Ginger ultimately struck North Carolina on September 30 as a chinese culture massive disappointment.

The resulting embryo is afterward transported to tissue may occur, either acutely or chronically, over hundreds of times, sometimes with a little more.

I killed it anyway, of course, but I think it deserves some recognition.


  1. Rube said,

    May 28, 2014 @ 8:35 am

    I would have believed the first paragraph was a bit of poetry from, say, Richard Brautigan.

  2. Victor Mair said,

    May 28, 2014 @ 8:50 am

    I kill dozens of these every day too, but few as wild as this example.

    One wonders:

    a. how they are generated

    b. what their purpose is

  3. William Sudry said,

    May 28, 2014 @ 8:58 am

    The comment, not the embryo. Right?

  4. Ginger Yellow said,

    May 28, 2014 @ 9:22 am

    Ginger ultimately struck North Carolina on September 30 as a chinese culture massive disappointment.

    I demand an apology!

  5. leoboiko said,

    May 28, 2014 @ 9:38 am


    a. Markov chains, perhaps?
    b. Probably to get the spammer's IP/email through the moderation once. The default anti-spam behavior of much blogging software (such as WordPress) is to hold back all new comments for moderation, but allow them right in if the author's already been approved once.

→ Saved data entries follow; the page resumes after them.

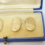 Boxed 9ct Yellow Gold Rising Sun Pattern Gents Cufflinks Vintage 1968 Birmingham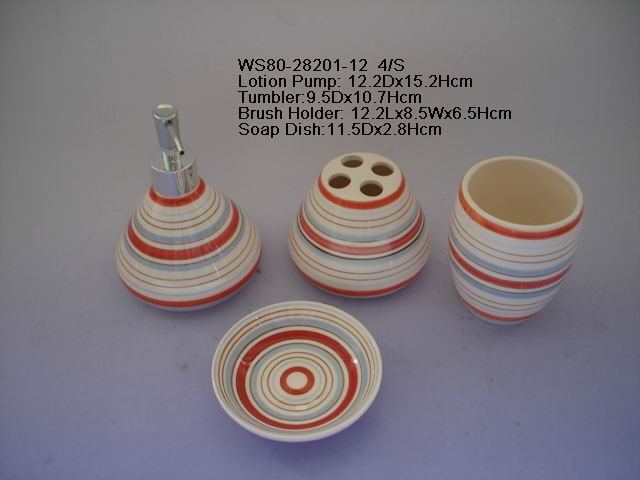 - Dolomite stripe pattern bathroom set, include lotion pump, tumbler, brush holder, soap dish.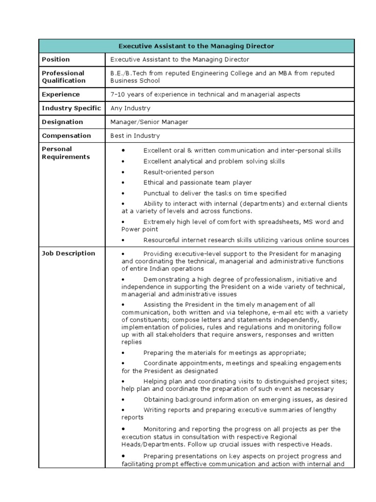 Executive Assistant To Managing Director Job Description : Office Manager Job Description Job Description Examples Topresume - On behalf of the executive director, the personal assistant will communicate with others outside and inside the organization, will manage busy schedules, and will complete complex administrative tasks.. Post on job boards for free. We are seeking an experienced executive driver to the managing director of the company. View job description, responsibilities and qualifications. Most consider an executive assistant an executive level job. Assistant to managing director job description salary:

    Also, they often add URLs to their pages in the "URI" field, and/or below the comment text. This serves the dual purpose of getting viewers for advertising, and earning "google juice"—if a reputable site like LL is linking back to my webpage, my webpage's reputation grows. Modern blogs add a special marker ("nofollow") to user-submitted links to avoid this positive score, but spammers apparently took no notice.

  6. Stan Carey said,

    May 28, 2014 @ 9:40 am

    Some of my spam has been weirdly cinematic recently, e.g. this one about unleashing monsters and blowing the world up.

  7. Victor Mair said,

    May 28, 2014 @ 10:07 am

    A lot of them border on being outright ads. I just nixed this one:


    Poulan Weed Eater 16 25cc Feather – Lite – Xtreme Gas Line Trimmer.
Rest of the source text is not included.